Grand Slam doubles results
- US Open: R3 (2009, 2008)

= Kaes Van't Hof =

American tennis player

Kaes Van't Hof (born August 1, 1986) is a former tennis player from the United States.

== Early life ==
Van't Hof was born and raised in Newport Beach, California.

== Education ==
Van't Hof was a four year scholarship athlete at the University of Southern California (USC). His senior year, he won the 2008 Pac-10 NCAA Singles Title and the 2008 Pac-10 NCAA Doubles Title with his partner, Farah. In 2008, Van't Hof graduated with a degree in Business Administration.

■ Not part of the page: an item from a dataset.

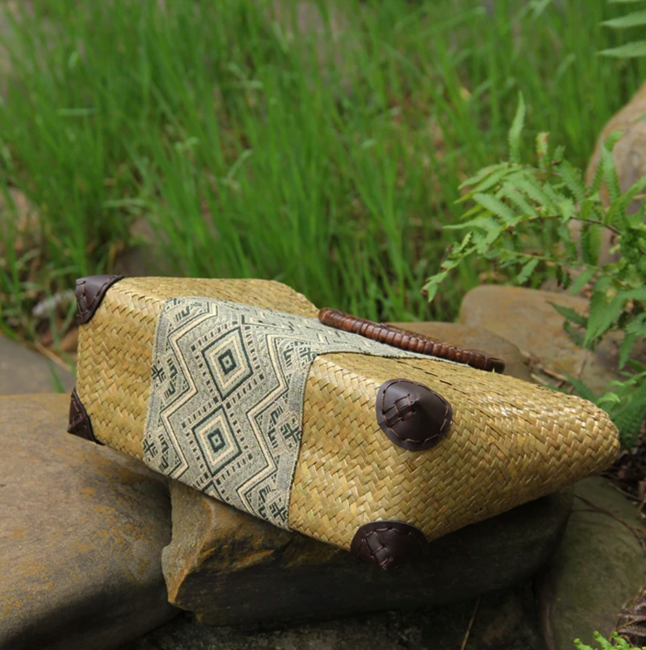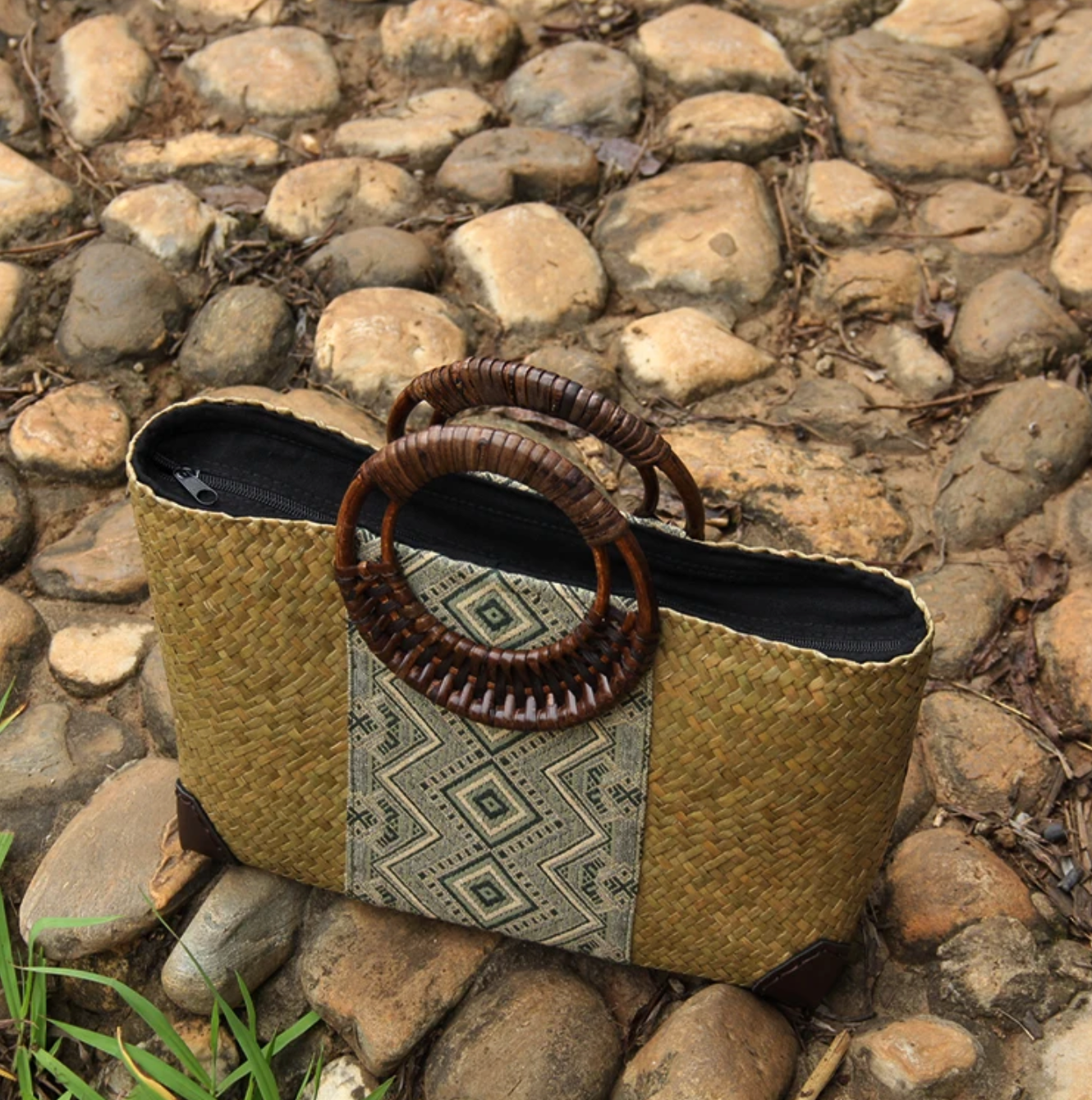 - Handmade seaweed weaving with a natural finish for a breathable summer woven bag

He and his father Robert became the first father and son to win the intercollegiate singles championship since it was added to the Ojai Tennis Tournament in 1911.

== Professional career ==
Van't Hof played at the 2008 and 2009 U.S. Open reaching the third round of the men's doubles tournament with his partner, Michael McClune.

Since retiring from professional tennis, Van't Hof has worked for Citigroup Global Markets, Wexford Capital, Bison Drilling and Field Services. He is now the CEO and Director of Diamondback Energy.